Work to complete:
Nothing outside the lines below from the one containing "国家发展改革委网站4月27日" through the one containing "Дюбель распорный 10х60" is to be printed; print those exactly, ends included, and drop the pictures.

Data for review:
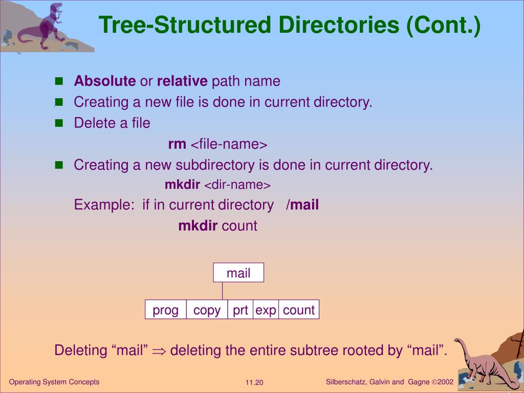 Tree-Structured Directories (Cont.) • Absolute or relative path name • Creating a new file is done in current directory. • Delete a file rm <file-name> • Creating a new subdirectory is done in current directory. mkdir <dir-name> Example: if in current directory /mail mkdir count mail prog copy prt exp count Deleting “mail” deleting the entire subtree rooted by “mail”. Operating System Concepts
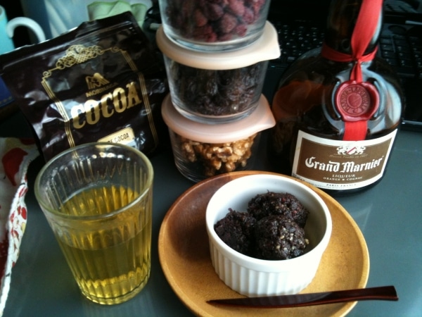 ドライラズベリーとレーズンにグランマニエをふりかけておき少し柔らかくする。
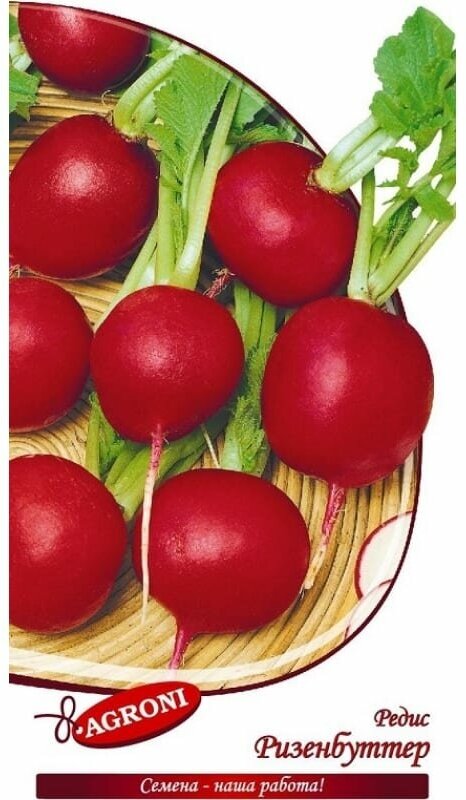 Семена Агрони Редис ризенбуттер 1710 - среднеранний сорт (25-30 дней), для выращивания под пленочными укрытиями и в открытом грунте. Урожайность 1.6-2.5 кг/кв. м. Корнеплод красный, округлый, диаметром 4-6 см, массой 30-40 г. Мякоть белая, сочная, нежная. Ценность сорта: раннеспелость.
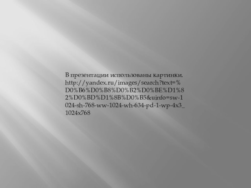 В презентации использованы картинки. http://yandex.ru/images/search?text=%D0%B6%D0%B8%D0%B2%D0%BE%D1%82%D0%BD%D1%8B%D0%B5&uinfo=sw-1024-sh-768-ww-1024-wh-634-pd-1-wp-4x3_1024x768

...

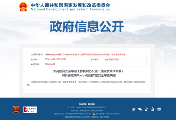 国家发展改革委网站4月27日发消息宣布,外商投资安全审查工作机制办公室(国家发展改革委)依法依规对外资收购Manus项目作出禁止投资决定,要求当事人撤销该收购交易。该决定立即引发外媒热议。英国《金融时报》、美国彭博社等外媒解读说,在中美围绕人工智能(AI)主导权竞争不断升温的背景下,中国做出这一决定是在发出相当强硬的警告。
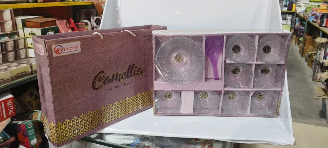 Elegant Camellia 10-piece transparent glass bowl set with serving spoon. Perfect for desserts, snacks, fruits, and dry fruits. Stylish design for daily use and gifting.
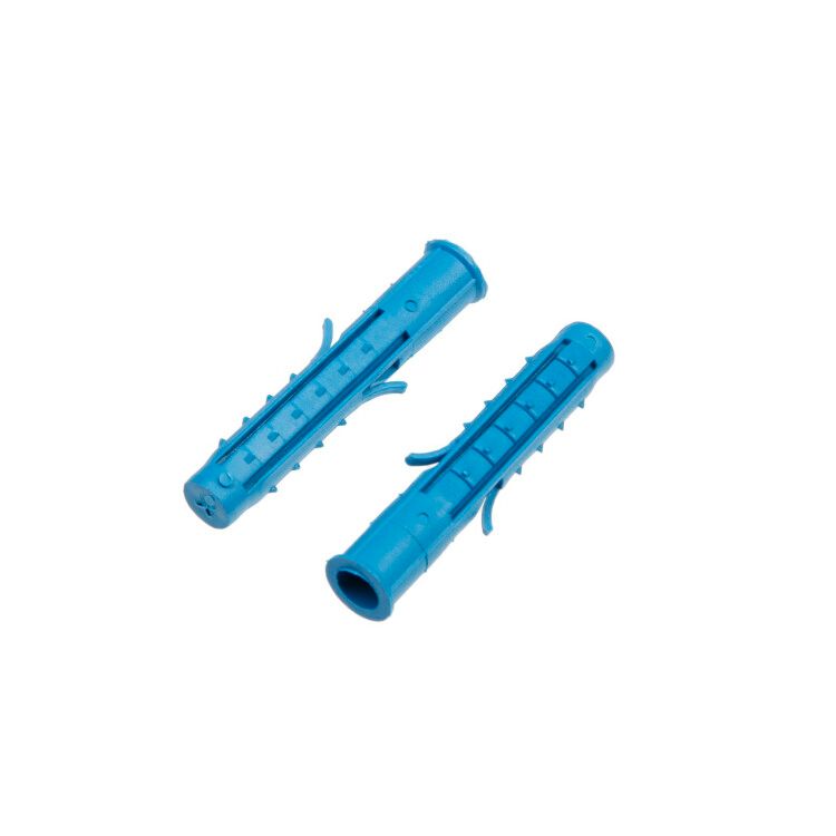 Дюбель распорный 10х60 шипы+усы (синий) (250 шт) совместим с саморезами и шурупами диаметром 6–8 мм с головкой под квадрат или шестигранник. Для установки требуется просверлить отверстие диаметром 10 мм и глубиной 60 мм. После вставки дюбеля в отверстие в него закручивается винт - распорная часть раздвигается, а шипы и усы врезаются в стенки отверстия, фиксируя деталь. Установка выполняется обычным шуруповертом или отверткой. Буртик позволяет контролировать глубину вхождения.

Output:
 国家发展改革委网站4月27日发消息宣布,外商投资安全审查工作机制办公室(国家发展改革委)依法依规对外资收购Manus项目作出禁止投资决定,要求当事人撤销该收购交易。该决定立即引发外媒热议。英国《金融时报》、美国彭博社等外媒解读说,在中美围绕人工智能(AI)主导权竞争不断升温的背景下,中国做出这一决定是在发出相当强硬的警告。
 Elegant Camellia 10-piece transparent glass bowl set with serving spoon. Perfect for desserts, snacks, fruits, and dry fruits. Stylish design for daily use and gifting.
 Дюбель распорный 10х60 шипы+усы (синий) (250 шт) совместим с саморезами и шурупами диаметром 6–8 мм с головкой под квадрат или шестигранник. Для установки требуется просверлить отверстие диаметром 10 мм и глубиной 60 мм. После вставки дюбеля в отверстие в него закручивается винт - распорная часть раздвигается, а шипы и усы врезаются в стенки отверстия, фиксируя деталь. Установка выполняется обычным шуруповертом или отверткой. Буртик позволяет контролировать глубину вхождения.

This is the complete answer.